[PROBLEM DETAILS]:
Pictures in the entries below are excluded; copy only the lines from the one containing "パープルのトップスにスカート" to the one containing "1951 Bowman Football", both included.

[SOURCE MATERIAL]:
· · · · · · ·

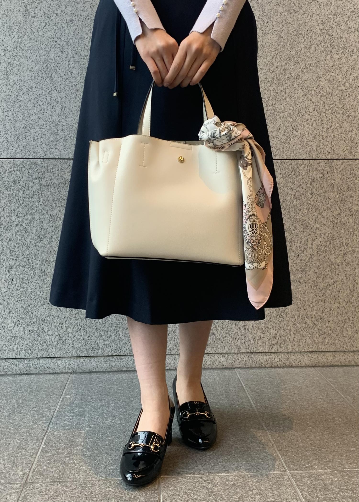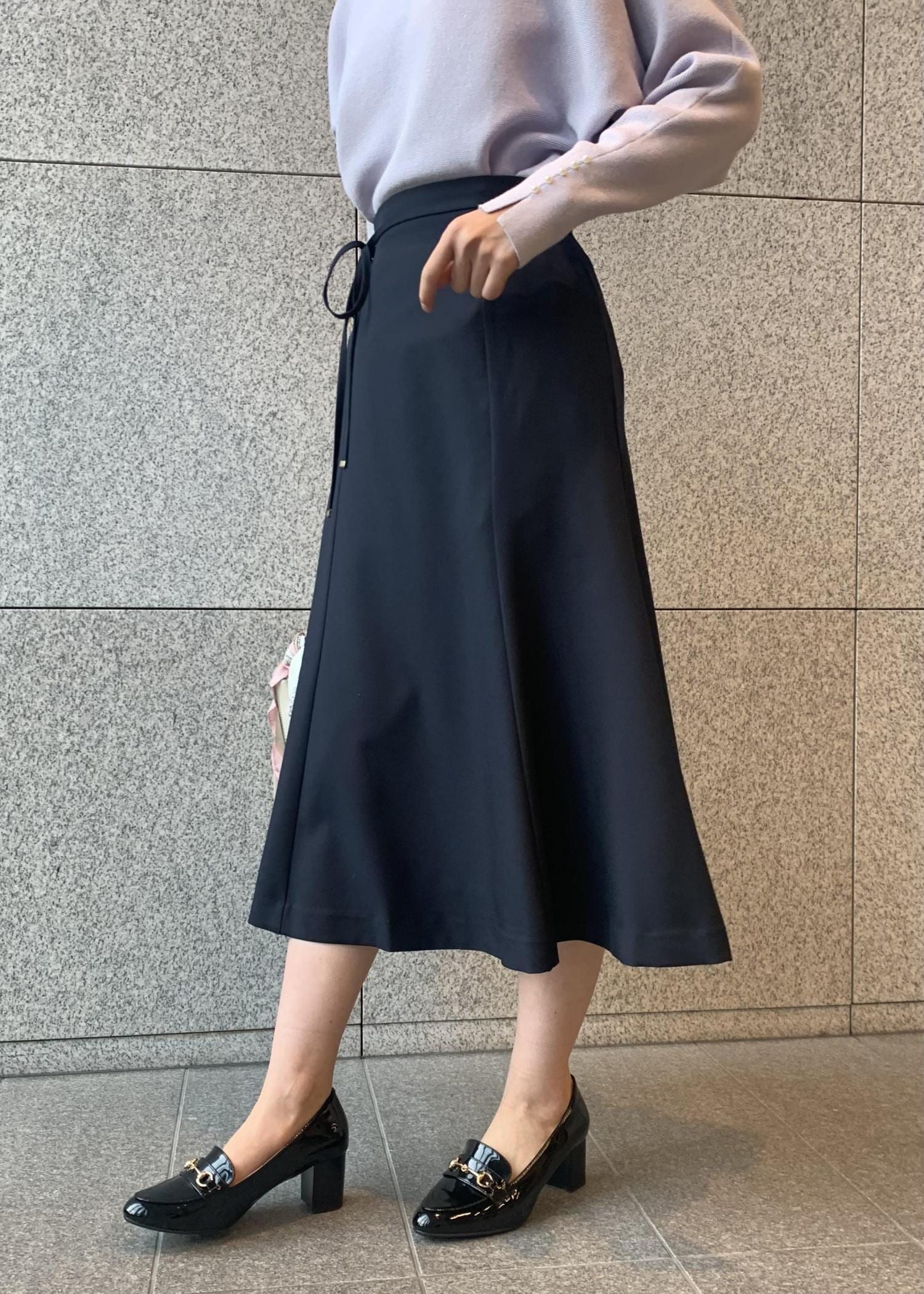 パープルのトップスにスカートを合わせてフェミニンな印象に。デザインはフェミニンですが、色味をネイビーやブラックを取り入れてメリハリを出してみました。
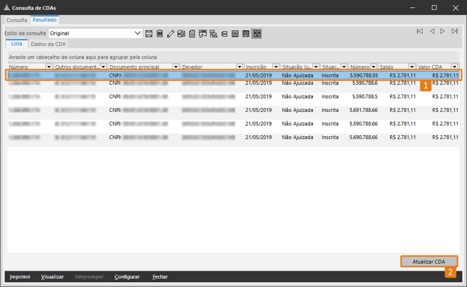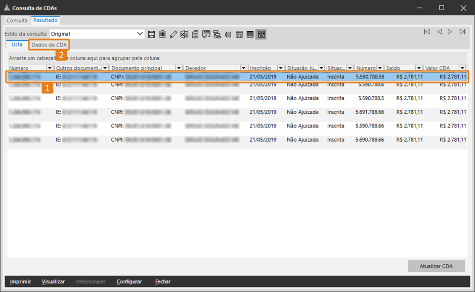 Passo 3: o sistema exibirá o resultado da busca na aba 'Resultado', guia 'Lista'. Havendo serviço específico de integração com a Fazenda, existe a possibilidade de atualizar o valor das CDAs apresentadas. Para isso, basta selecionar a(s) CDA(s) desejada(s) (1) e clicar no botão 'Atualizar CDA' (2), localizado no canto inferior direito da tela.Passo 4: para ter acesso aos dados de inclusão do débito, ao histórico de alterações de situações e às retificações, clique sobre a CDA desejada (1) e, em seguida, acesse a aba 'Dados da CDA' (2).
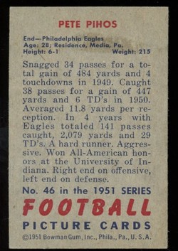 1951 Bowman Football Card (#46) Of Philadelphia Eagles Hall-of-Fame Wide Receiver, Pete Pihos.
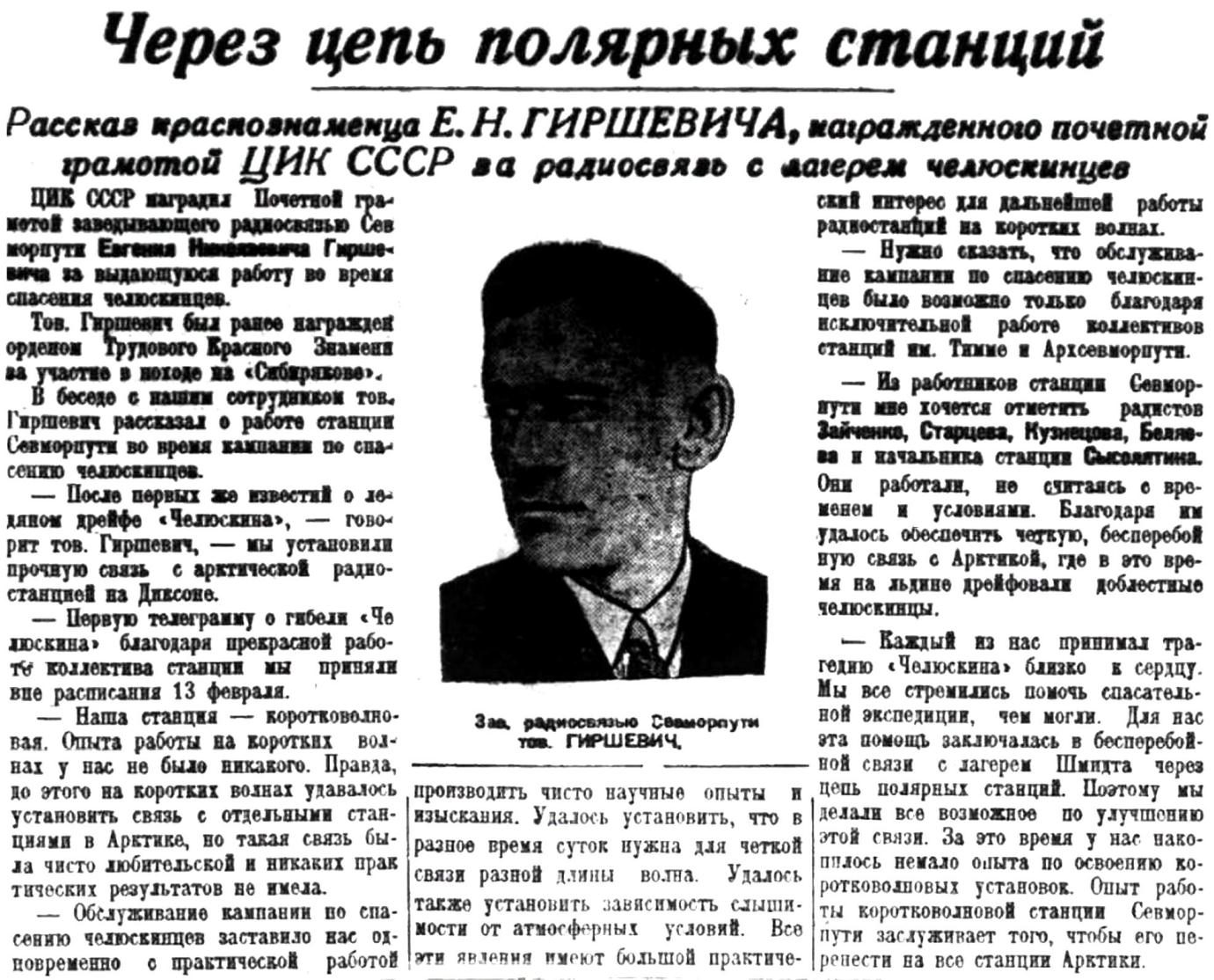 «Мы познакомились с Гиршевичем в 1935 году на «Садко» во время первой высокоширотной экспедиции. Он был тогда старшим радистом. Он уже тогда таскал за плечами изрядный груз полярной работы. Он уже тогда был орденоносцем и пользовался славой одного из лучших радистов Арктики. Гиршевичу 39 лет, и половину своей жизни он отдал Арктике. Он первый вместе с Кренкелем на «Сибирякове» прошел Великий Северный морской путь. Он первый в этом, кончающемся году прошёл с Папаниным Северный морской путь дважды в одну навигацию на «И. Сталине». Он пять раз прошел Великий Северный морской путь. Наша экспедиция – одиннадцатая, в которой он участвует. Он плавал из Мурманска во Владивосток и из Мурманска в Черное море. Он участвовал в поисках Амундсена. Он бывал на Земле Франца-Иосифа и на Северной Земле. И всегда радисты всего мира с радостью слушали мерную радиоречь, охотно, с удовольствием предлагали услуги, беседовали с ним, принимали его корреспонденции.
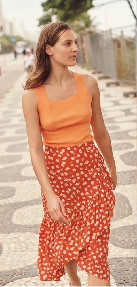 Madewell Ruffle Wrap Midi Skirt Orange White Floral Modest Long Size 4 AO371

· · · · · · ·

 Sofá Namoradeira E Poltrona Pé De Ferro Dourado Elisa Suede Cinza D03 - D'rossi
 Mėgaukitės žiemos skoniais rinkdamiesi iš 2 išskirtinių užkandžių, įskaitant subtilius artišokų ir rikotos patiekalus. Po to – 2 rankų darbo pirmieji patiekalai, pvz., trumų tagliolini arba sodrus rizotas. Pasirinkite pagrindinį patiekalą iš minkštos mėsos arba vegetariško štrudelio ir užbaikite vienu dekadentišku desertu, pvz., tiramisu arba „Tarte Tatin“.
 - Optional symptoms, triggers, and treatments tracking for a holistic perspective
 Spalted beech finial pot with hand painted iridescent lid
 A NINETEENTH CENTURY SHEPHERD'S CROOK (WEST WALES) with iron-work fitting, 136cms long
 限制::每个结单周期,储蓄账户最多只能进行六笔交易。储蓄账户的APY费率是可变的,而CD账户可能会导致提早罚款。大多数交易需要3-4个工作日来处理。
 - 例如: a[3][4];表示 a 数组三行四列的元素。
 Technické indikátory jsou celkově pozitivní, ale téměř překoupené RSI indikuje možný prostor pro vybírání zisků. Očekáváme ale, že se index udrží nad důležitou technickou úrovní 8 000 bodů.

· · · · · · ·

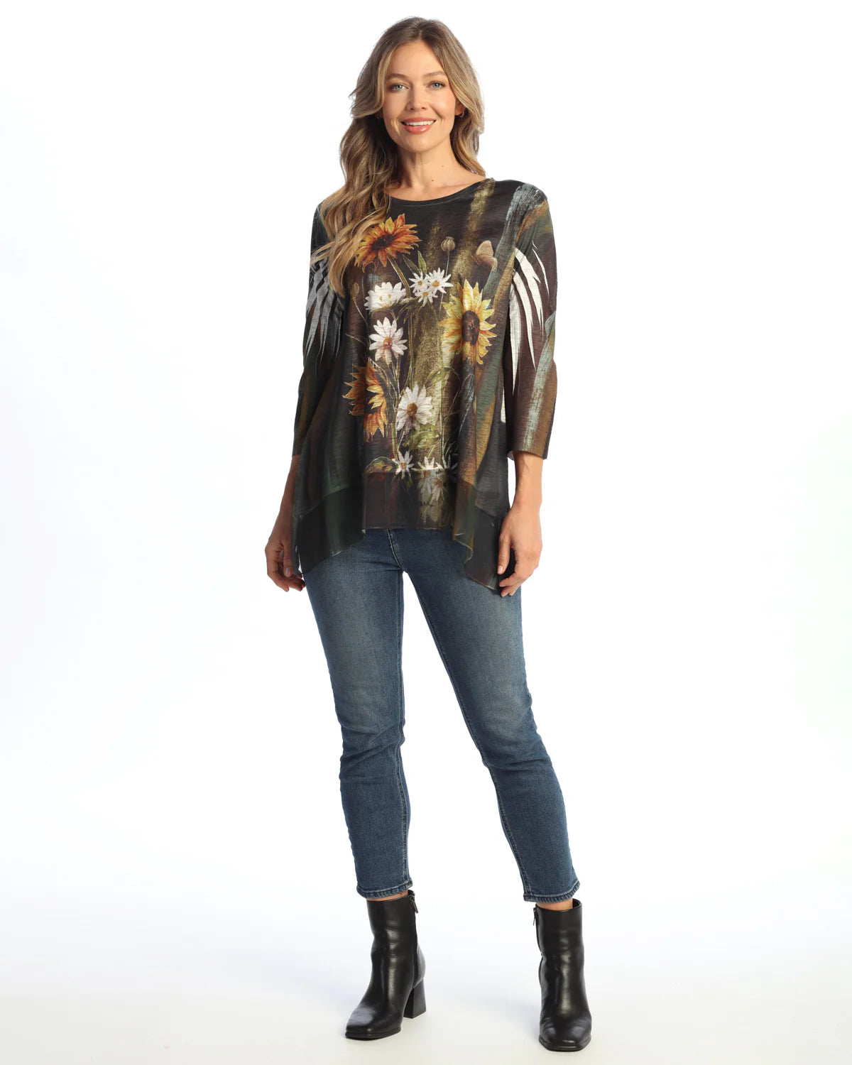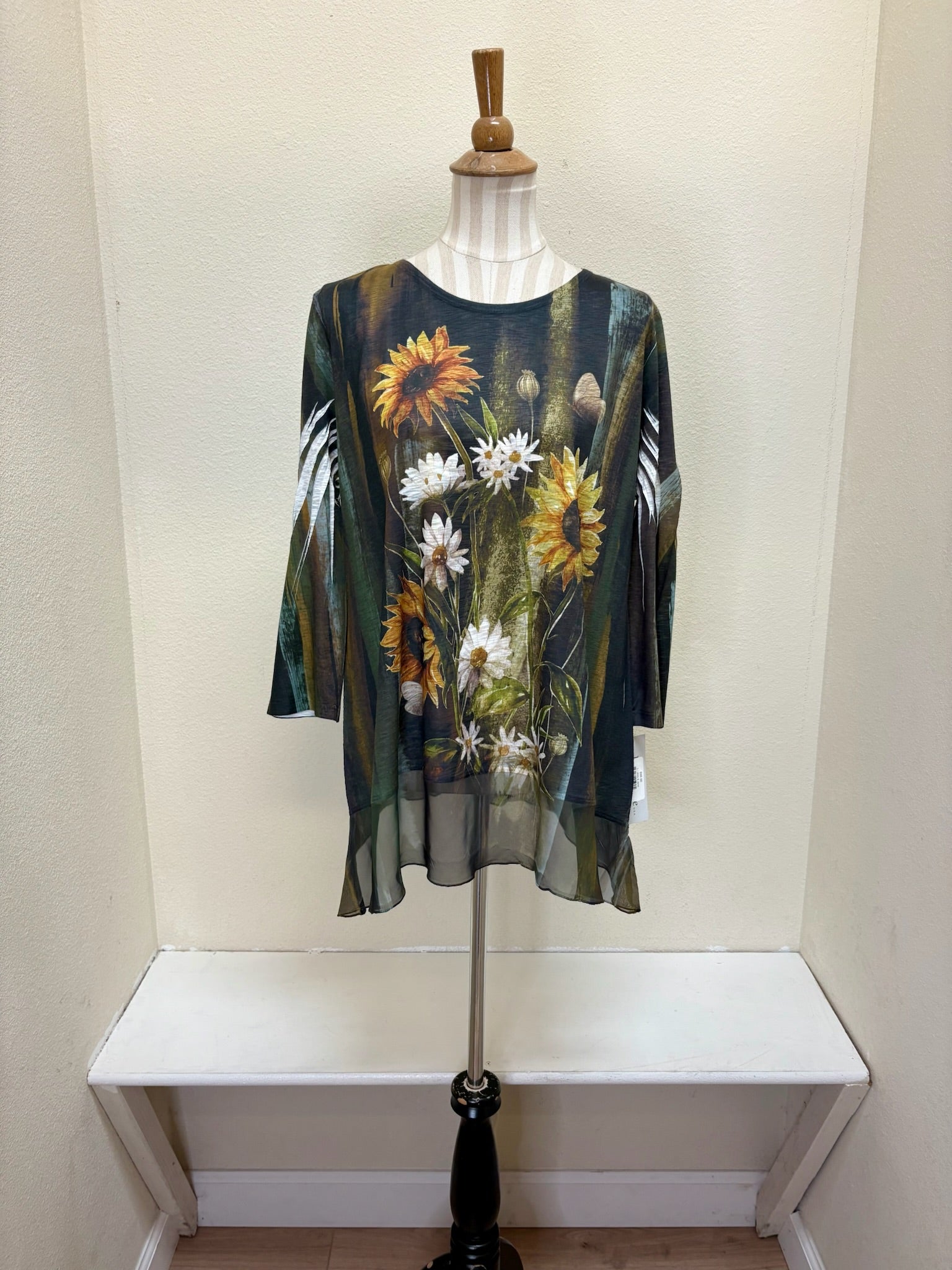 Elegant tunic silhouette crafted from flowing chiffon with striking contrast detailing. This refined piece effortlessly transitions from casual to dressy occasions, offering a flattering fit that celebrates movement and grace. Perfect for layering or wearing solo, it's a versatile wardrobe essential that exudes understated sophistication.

· · · · · · ·

[RESPONSE TO THE TASK]:
 パープルのトップスにスカートを合わせてフェミニンな印象に。デザインはフェミニンですが、色味をネイビーやブラックを取り入れてメリハリを出してみました。
 Passo 3: o sistema exibirá o resultado da busca na aba 'Resultado', guia 'Lista'. Havendo serviço específico de integração com a Fazenda, existe a possibilidade de atualizar o valor das CDAs apresentadas. Para isso, basta selecionar a(s) CDA(s) desejada(s) (1) e clicar no botão 'Atualizar CDA' (2), localizado no canto inferior direito da tela.Passo 4: para ter acesso aos dados de inclusão do débito, ao histórico de alterações de situações e às retificações, clique sobre a CDA desejada (1) e, em seguida, acesse a aba 'Dados da CDA' (2).
 1951 Bowman Football Card (#46) Of Philadelphia Eagles Hall-of-Fame Wide Receiver, Pete Pihos.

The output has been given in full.